Q – I’ve always been curious as to why you have produced so many B sides of such outstanding quality. Unless you’ve been a devotee hoovering up all your releases I’d say you’d have missed out on some absolute gems. Wild orphan child, Witching hour, Blame Mary Jane, Millionaire, Radio City Music Hall, Mannish girl, Don’t get weird on me..(Maybe not “Eat your greens”!!)etc. Were all these tracks bound for the albums at that time or always intended to pad out the singles? They’d certainly make for an almighty compilation.
Again, the “From the hip” single contains some fine tracks with a different sound to the band.”Love your wife” being one of my all time Commotion faves (wish the guitar solo didn’t fade so quick at the end!).
Was that a deliberate decision to go for a more live and raw sound for the 3 extra tracks?
A – I don’t know if you got the missive, but hopefully all of these tracks will be available in a box set soon(ish). I should probably have waited to answer this to coincide with the release ‘Great Coincidence!’

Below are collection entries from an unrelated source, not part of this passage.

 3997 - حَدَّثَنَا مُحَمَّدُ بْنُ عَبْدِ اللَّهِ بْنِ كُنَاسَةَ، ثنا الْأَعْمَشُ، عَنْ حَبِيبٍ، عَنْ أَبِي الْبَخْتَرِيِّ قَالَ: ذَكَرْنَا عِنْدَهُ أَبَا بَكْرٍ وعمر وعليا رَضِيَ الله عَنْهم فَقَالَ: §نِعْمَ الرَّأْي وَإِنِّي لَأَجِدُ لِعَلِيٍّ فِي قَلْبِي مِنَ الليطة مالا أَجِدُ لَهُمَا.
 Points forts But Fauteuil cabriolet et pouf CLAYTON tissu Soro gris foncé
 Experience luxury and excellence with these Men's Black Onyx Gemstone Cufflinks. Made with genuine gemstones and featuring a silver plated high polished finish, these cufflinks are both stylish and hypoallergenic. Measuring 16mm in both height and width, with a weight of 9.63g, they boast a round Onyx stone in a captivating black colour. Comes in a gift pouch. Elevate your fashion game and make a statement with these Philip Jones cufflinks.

Anyhow – thanks, and agreed re ‘Eat Your Greens’. Mostly b-sides were songs which didn’t make the albums. This doesn’t necessarily make them bad (with a few exceptions – see above), it just means that they didn’t ‘sit’ on the record. In a couple of ways I’m a little annoyed with myself that I put so many of these songs out as b-sides; I could have kept them for a record that they would have worked on. Apparently Bruce Springsteen used to do this – ‘Point Blank’ was supposedly recorded years before The River came out. The other point is one about which I’m a little bitter, I suppose – The record company paid me by the album, so to speak, there was nothing in my contract about delivering b-sides. By the mid 90’s the industry in the UK was intent upon giving away as much material as possible to sell singles that I think if you look at the ‘Love Story’ singles, there were three of them, there are maybe 10 songs included as b-sides. These could have been the essence of a next record, but the pressure to give the record company what they insisted that they needed was intense, and it was always frenzied around a release so, in retrospect, it is understandable that we maybe didn’t think straight. In truth I had two options – give them the songs for b-sides or tell them to go to hell and lose my album promotion. I think I can forgive myself for succumbing to this pressure once, but not the second and third times.

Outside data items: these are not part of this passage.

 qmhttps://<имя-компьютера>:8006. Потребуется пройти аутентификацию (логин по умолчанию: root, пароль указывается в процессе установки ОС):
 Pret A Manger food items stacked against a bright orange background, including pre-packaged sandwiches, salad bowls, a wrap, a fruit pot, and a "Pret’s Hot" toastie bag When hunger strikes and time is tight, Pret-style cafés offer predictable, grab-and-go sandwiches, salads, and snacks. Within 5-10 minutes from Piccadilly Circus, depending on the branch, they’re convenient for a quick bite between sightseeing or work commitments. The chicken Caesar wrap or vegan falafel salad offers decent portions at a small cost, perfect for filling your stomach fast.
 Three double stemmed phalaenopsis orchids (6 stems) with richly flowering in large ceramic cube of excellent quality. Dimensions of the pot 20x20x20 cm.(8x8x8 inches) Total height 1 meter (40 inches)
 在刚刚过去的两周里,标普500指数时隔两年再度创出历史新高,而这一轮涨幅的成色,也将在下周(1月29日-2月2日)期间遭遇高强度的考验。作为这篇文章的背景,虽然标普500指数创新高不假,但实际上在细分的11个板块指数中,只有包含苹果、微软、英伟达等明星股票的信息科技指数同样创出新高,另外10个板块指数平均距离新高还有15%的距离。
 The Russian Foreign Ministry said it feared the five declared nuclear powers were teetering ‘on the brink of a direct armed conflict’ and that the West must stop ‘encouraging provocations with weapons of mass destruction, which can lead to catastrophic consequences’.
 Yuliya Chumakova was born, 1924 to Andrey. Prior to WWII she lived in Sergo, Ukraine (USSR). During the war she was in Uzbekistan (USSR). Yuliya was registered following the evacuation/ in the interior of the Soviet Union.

Regarding the final Commotions session which was released on the From The Hip EP – I guess we were interested in being more of a rock band, yes. We had no keyboard player – that’s a start!
My personal favourites from the Commotions are the Easy Pieces b-sides – recorded in the studio next to the one we were mixing the album in and produced by the band and the engineer. I think that the sound of Her Last Fling and Nevers End hint a path that we could have taken for the 3rd record. Personally, I suspect it might have been a better path, but there is little point in wondering about that sort of thing now.
By the way – Regarding the missive – Thanks so much to all of you who sent in catalogue numbers. I think I have them all now.